Campus to See More Green Certified Buildings

As part of the campus commitment to sustainability, UCSD is currently planning and constructing 19 buildings to qualify for Leadership in Energy & Environmental Design certification.

“All-new construction on the UCSD campus will meet, at minimum, LEED Silver certification, which encourages and accelerates global adoption of sustainable green building and development practices,” UCSD spokesperson Rex Graham wrote in an email.

Because of this, Graham said the campuswide per-square-foot consumption of water has decreased over the past four years from 56 to 53 gallons per square foot.

To acquire LEED certification, projects are evaluated on standards such as water efficiency — for example, water-efficient landscaping must reduce water usage by 50 percent. Other credits include bicycle storage and storm water quality control.

According to Graham, most projects will be completed by the 2012-13 academic year, though some will not be completed until the 2015-16 academic year. The total cost for the 19 projects is estimated at $1.47 billion.

On April 19, McCarthy Building Companies started construction for LEED-platinum-certified Health Sciences Biomedical Research Facility in the School of Medicine.

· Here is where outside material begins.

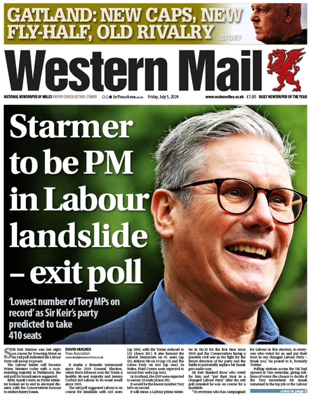 На обложках британских газет сегодня утром одно слово: landslide ("убедительная победа"). Так они комментируют результаты парламентских выборов, на которых разгромно проиграла Консервативная партия премьера Риши Сунака.
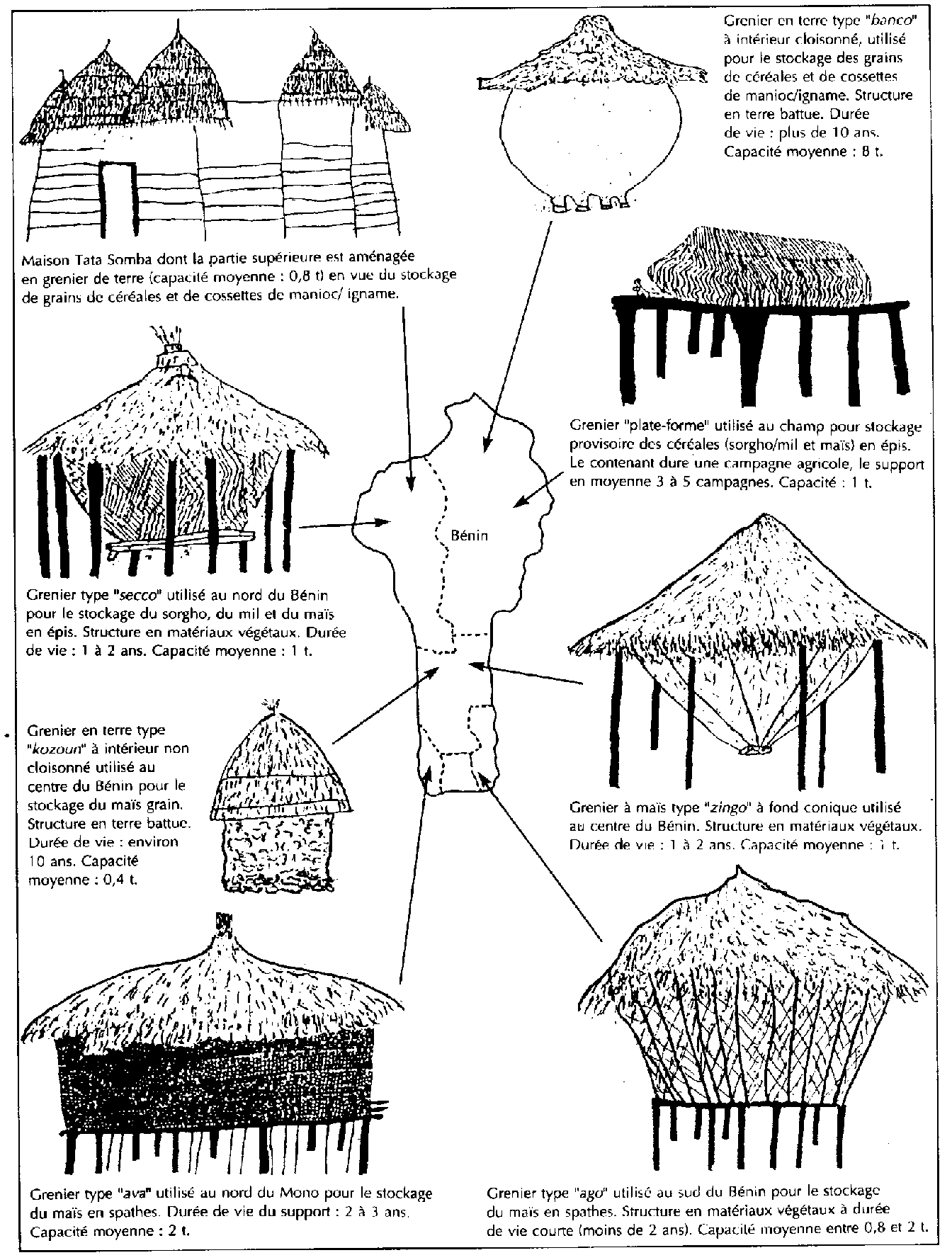 Le «système» de stockage, en dehors des structures de stockage qui en constituent l'élément central, est un ensemble d'opérations unitaires telles que la récolte proprement dite, la préparation du produit avant le stockage et la protection phytosanitaire des produits en cours de stockage. Dans cet ensemble, c'est l'«élément» structure de stockage qui varie fondamentalement d'une région à une autre, en raison des exigences agroclimatiques du milieu. Des facteurs ethnologiques (appartenances ethniques) et socio-économiques jouent également un rôle important dans cette variation (figure 1). Au Bénin, il y a une très forte prédominance du stockage familial et la conception des structures utilisées, tant en ce qui concerne l'architecture que les matériaux utilisés, reflète cette prédominance.

The facility will be used as a research laboratory and support space for new faculty in departments such as pediatrics, medical genomics and neurosciences. Construction, which costs $179.6 million, is scheduled for completion in April 2013.

Other recent LEED projects include the $42.5-million Muir College and $10.3-million Revelle College apartments — both to be completed Summer 2011 — and they already completed $97.7-million Village II residing north of Eleanor Roosevelt College.

External financing and UC bonds funded $95 million of the cost while university housing reserves will fund the remaining $2 million.

“On-campus housing furthers the university’s sustainability goals,” Graham said. “New construction incorporates the latest energy and water conservation technologies.”

The UC system had a $520 million state-funded facilities program in the 2007-08 academic year. The next year, state bond funding fell to $261 million and many of these funds have been suspended because of the budget crisis.

“More than $400 million of the $781 million in approved bond projects over those two fiscal years have been put on hold because they are dependent upon the state’s ability to obtain financing or sell bonds,” Graham said. “Once the state can access the market again, many previously approved campus facilities will resume construction.”

But Graham said lowered costs of construction make this an optimal time for development. The current cost of construction is possibly 30 percent lower than it was before the economic slowdown.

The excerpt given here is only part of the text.